Records from a data source:
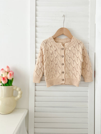 Autumn Arrival Baby Kids Girls Comfortable Hollow-out Argyle Knitted Long Sleeves Cardigan
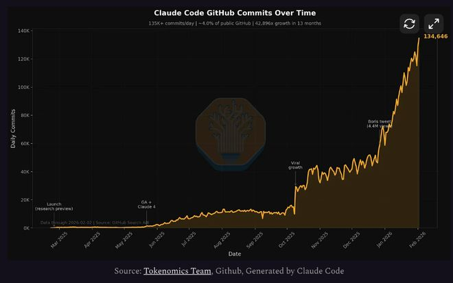 Anthropic旗下AI编程工具Claude Code已占GitHub公共代码提交量的4%,并预计到2026年底该比例将超20%。研究机构SemiAnalysis最新分析指出,Claude Code是AI“智能体”的转折点。
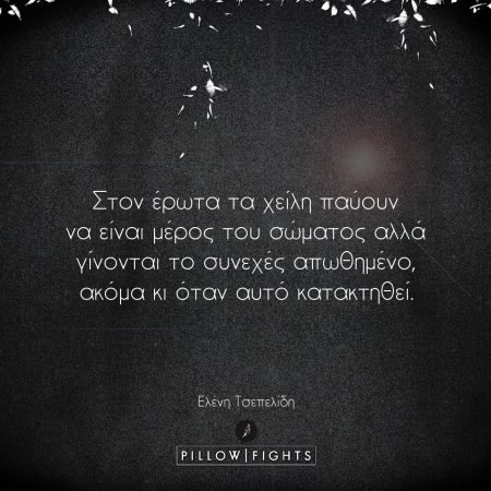 Τα σωθικά σου φλέγονταν, κάθε φορά που πάλευες για αυτή την αγάπη, αλλά εγώ δεν έπαιρνα από λόγια. Ο εγωισμός μου κι η αλαζονεία μου είχαν χτίσει έναν τοίχο, που όσες φορές κι αν κατάφερνες να τον γκρεμίσεις έστω λίγο, αυτός πάντα τα κατάφερνε να σηκώνεται και κάθε φορά γινόταν ακόμη πιο ψηλός.
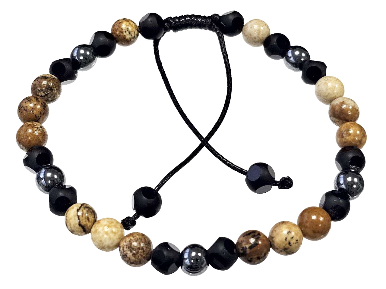 Αντρικό Βραχιόλι Πέτρα μακραμέ 6mm, με ημιπολύτιμες πέτρες και στοιχεία από αιματίτη
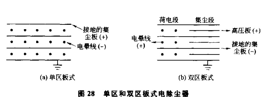 這種電除塵器具有前后兩個(gè)區(qū)域:前區(qū)安裝放電極,稱(chēng)為電離區(qū),粉塵首先進(jìn)人此區(qū)荷電;后區(qū)安裝收塵極,稱(chēng)為收塵區(qū),荷電粉塵在此區(qū)域被捕集。雙區(qū)電除塵器的電壓等級(jí)較低,通常采用正電暈放電,多用于空氣調(diào)節(jié)系統(tǒng)的凈化。
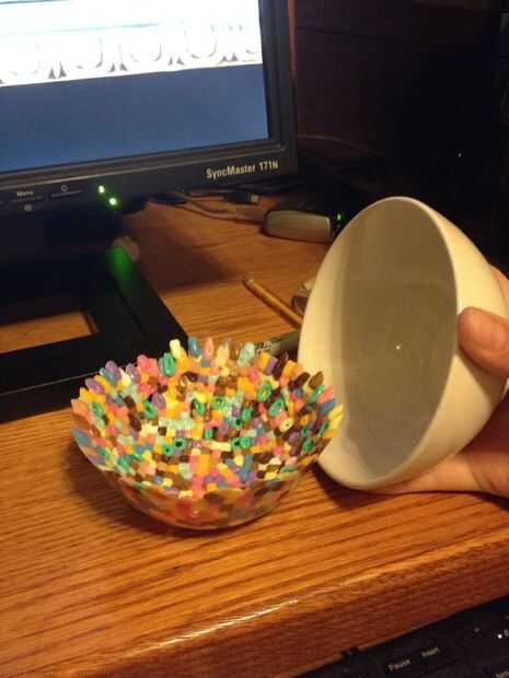 hice esta causa mi hermana tenía granos extras ahíPaso 1: Paso uno Haz un cuenco antiguo que ya no usasPaso 2: Paso 2 De conseguir cuentas que este aspectoPaso 3: Paso 3 Llene el bol con el prensa y granos el hasta su piso a la tazaPaso 4: Paso 4Lueg
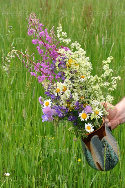 Ваза с полевыми цветами в руке на фоне зеленой травы
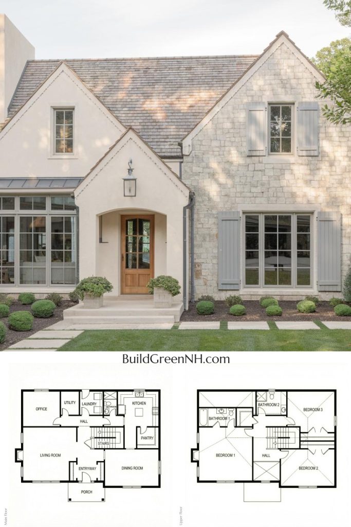 2-story House Floor Plans: Snowy Farmhouse With Warm Modern Touches
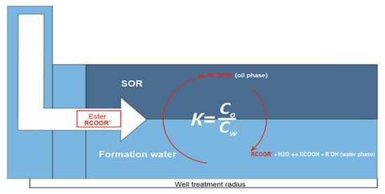 However, it should be remembered that, after the injection of ester in the aqueous phase into the formation together with the hydrolysis reaction, an extraction process takes place, i.e., the partitioning of ester between two immiscible phases (water, oil). The kinetics of ester hydrolysis in a two-phase system is considered similarly according to the pseudo-first order reaction with the rate constant k(2phase), which is 1 + β (β = K∙(Sor/1 − Sor)) times less than the reaction rate constant in a single-phase system k(1phase) [34]:
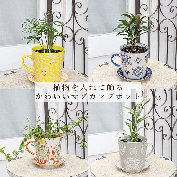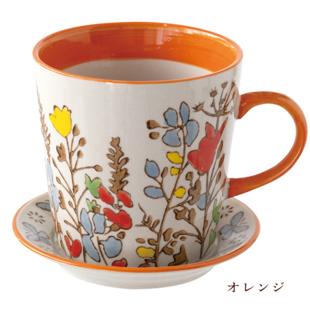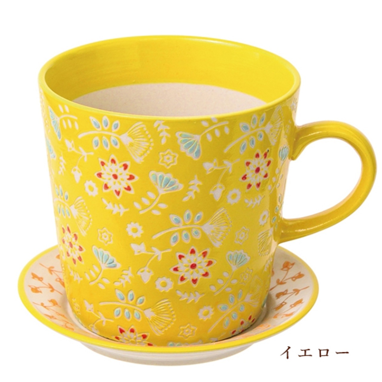 テーブルマグカップ フラワーポット イエロー オレンジ ブルー グレー 植木鉢です。
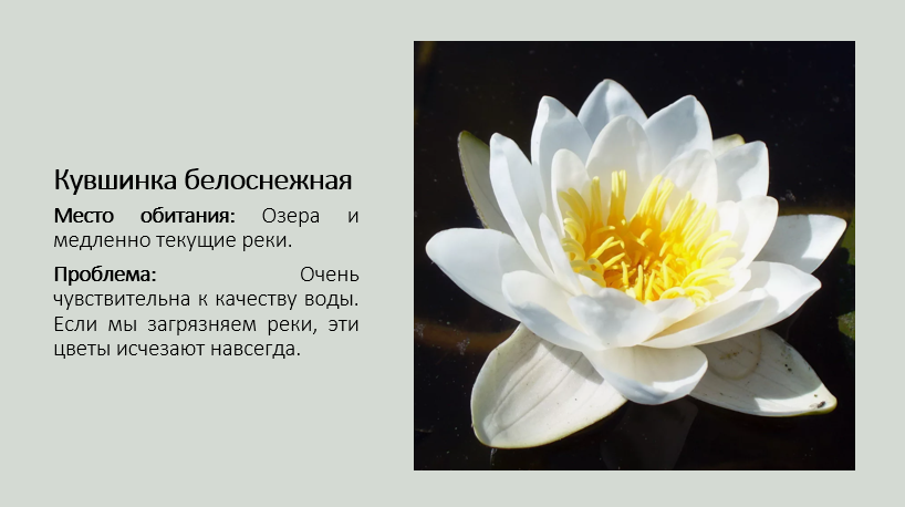 Добавить текст Озвучить Вернуть оригинал5. Кувшинка белоснежная. Обитатель московских водоёмов.
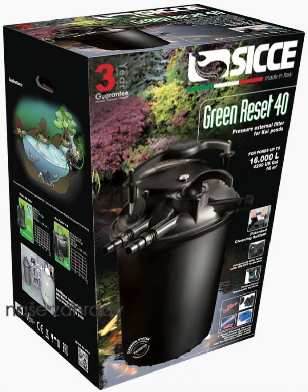 Spolehlivá filtrace pro jezírka Sicce Green Reset 40 s UV lampou je velký tlakový jezerní filtr a vestavěná UV lampa pro okrasný zahradní rybníček o objemu do 16 m3 bez ryb, s rybami do 12m3, s možností chovu Koi kaprů (pro objem do 8 m3). Samozřejmě záleží na oslunění nádrže, výkonu čerpadla, množství ryb - viz. tabulka v detailu. Jezírková filtrace Green Reset 40 a UV lampa 20W včetně UV-C zářivky. Tlaková filtrace pro jezírko pracuje na principu biologicko mechanické filtrace.

Task instructions: An exact reproduction of every record above is required, with no pictures included.

The answer:
 Autumn Arrival Baby Kids Girls Comfortable Hollow-out Argyle Knitted Long Sleeves Cardigan
 Anthropic旗下AI编程工具Claude Code已占GitHub公共代码提交量的4%,并预计到2026年底该比例将超20%。研究机构SemiAnalysis最新分析指出,Claude Code是AI“智能体”的转折点。
 Τα σωθικά σου φλέγονταν, κάθε φορά που πάλευες για αυτή την αγάπη, αλλά εγώ δεν έπαιρνα από λόγια. Ο εγωισμός μου κι η αλαζονεία μου είχαν χτίσει έναν τοίχο, που όσες φορές κι αν κατάφερνες να τον γκρεμίσεις έστω λίγο, αυτός πάντα τα κατάφερνε να σηκώνεται και κάθε φορά γινόταν ακόμη πιο ψηλός.
 Αντρικό Βραχιόλι Πέτρα μακραμέ 6mm, με ημιπολύτιμες πέτρες και στοιχεία από αιματίτη
 這種電除塵器具有前后兩個(gè)區(qū)域:前區(qū)安裝放電極,稱(chēng)為電離區(qū),粉塵首先進(jìn)人此區(qū)荷電;后區(qū)安裝收塵極,稱(chēng)為收塵區(qū),荷電粉塵在此區(qū)域被捕集。雙區(qū)電除塵器的電壓等級(jí)較低,通常采用正電暈放電,多用于空氣調(diào)節(jié)系統(tǒng)的凈化。
 hice esta causa mi hermana tenía granos extras ahíPaso 1: Paso uno Haz un cuenco antiguo que ya no usasPaso 2: Paso 2 De conseguir cuentas que este aspectoPaso 3: Paso 3 Llene el bol con el prensa y granos el hasta su piso a la tazaPaso 4: Paso 4Lueg
 Ваза с полевыми цветами в руке на фоне зеленой травы
 2-story House Floor Plans: Snowy Farmhouse With Warm Modern Touches
 However, it should be remembered that, after the injection of ester in the aqueous phase into the formation together with the hydrolysis reaction, an extraction process takes place, i.e., the partitioning of ester between two immiscible phases (water, oil). The kinetics of ester hydrolysis in a two-phase system is considered similarly according to the pseudo-first order reaction with the rate constant k(2phase), which is 1 + β (β = K∙(Sor/1 − Sor)) times less than the reaction rate constant in a single-phase system k(1phase) [34]:
 テーブルマグカップ フラワーポット イエロー オレンジ ブルー グレー 植木鉢です。
 Добавить текст Озвучить Вернуть оригинал5. Кувшинка белоснежная. Обитатель московских водоёмов.
 Spolehlivá filtrace pro jezírka Sicce Green Reset 40 s UV lampou je velký tlakový jezerní filtr a vestavěná UV lampa pro okrasný zahradní rybníček o objemu do 16 m3 bez ryb, s rybami do 12m3, s možností chovu Koi kaprů (pro objem do 8 m3). Samozřejmě záleží na oslunění nádrže, výkonu čerpadla, množství ryb - viz. tabulka v detailu. Jezírková filtrace Green Reset 40 a UV lampa 20W včetně UV-C zářivky. Tlaková filtrace pro jezírko pracuje na principu biologicko mechanické filtrace.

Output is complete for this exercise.